**DATASET**
Start of Block

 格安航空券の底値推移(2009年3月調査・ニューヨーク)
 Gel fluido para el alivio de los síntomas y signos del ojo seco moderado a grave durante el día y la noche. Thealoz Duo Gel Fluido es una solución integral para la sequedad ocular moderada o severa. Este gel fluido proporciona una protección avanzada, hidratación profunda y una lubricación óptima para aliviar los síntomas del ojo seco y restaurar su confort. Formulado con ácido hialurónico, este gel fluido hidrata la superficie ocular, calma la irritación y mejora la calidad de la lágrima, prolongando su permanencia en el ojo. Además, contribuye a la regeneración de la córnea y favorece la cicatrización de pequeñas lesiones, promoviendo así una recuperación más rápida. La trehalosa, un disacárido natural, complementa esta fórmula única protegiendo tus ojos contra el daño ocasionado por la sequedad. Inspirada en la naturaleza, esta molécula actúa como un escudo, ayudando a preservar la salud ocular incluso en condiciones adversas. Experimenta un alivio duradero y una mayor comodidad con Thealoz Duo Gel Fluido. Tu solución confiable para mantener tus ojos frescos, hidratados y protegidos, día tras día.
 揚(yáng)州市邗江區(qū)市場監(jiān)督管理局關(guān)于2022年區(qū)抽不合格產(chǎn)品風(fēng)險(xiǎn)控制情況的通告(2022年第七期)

End of Block
Start of Block

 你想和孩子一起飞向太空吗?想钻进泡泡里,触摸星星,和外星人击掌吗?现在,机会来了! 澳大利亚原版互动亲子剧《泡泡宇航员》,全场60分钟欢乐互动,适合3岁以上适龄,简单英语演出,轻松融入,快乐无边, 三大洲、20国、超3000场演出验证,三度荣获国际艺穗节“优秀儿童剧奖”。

End of Block

**YOUR OBJECTIVE**
From the data above, reproduce word for word the lines running from the line with "Gel fluido para" to the line with "揚(yáng)州市邗江區(q", ends included.

**YOUR RESPONSE**
 Gel fluido para el alivio de los síntomas y signos del ojo seco moderado a grave durante el día y la noche. Thealoz Duo Gel Fluido es una solución integral para la sequedad ocular moderada o severa. Este gel fluido proporciona una protección avanzada, hidratación profunda y una lubricación óptima para aliviar los síntomas del ojo seco y restaurar su confort. Formulado con ácido hialurónico, este gel fluido hidrata la superficie ocular, calma la irritación y mejora la calidad de la lágrima, prolongando su permanencia en el ojo. Además, contribuye a la regeneración de la córnea y favorece la cicatrización de pequeñas lesiones, promoviendo así una recuperación más rápida. La trehalosa, un disacárido natural, complementa esta fórmula única protegiendo tus ojos contra el daño ocasionado por la sequedad. Inspirada en la naturaleza, esta molécula actúa como un escudo, ayudando a preservar la salud ocular incluso en condiciones adversas. Experimenta un alivio duradero y una mayor comodidad con Thealoz Duo Gel Fluido. Tu solución confiable para mantener tus ojos frescos, hidratados y protegidos, día tras día.
 揚(yáng)州市邗江區(qū)市場監(jiān)督管理局關(guān)于2022年區(qū)抽不合格產(chǎn)品風(fēng)險(xiǎn)控制情況的通告(2022年第七期)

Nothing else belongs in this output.